The regulations also propose electronic IPOs when conducted in whole or in part via the internet or other electronic or automated means or media, when investors subscribe to the securities offering by submitting applications electronically, or when the applications and allotments are processed and completed electronically, in whole or in part partially;

In 2019, the central bank said the main risks to Kenya’s stock market were high concentration by the top five companies and foreign investors, low liquidity, low product acceptance, and political and economic risks.

CBK, in its Financial Stability Report (2019), also attributed the stock market’s poor performance to weak corporate governance in some listed companies, which have made losses that have then been delisted and/or placed under receivership.

In 2019, the top five companies by market capitalization accounted for 70.9 percent, compared with 65.8 percent in 2018, while foreign investors accounted for 68.6 percent of total stock turnover in 2019, compared with 63.3 percent in 2018.

East African stock exchanges are rushing to set up investment clinics to lure companies into the stock markets and end the IPO drought.

Last year, the Dar es Salaam Stock Exchange joined the NSE and the Rwanda Stock Exchange to implement capacity building and training programs for small and medium-sized businesses with aspirations to raise capital on the stock exchange.

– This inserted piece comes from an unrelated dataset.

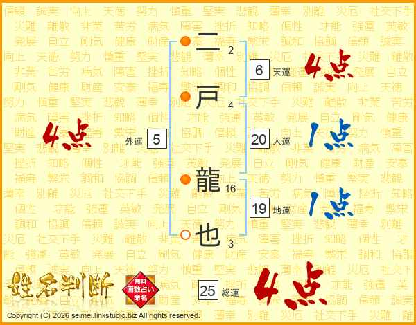 二戸龍也さんの総運は25画の4点!

In August last year, the DSE launched and began implementing the DSE Enterprise Acceleration Program (DEAP) called the “Endeleza Project”, which aims, among other things, to create a database of potential underwriting and exchange companies where they can receive training strategic planning, bookkeeping and accounting, administration, human resources and financial management

In October 2020, the RSE launched the Capital Market Investment Clinic to help SMEs prepare for raising capital on the stock exchange.

In Kenya, the NSE, in cooperation with the Kenya Association of Stockbrokers and Investments Banks, launched a similar incubation program called “Ibuka” in December 2018 to prepare and persuade potential issuers to raise capital through the stock exchange.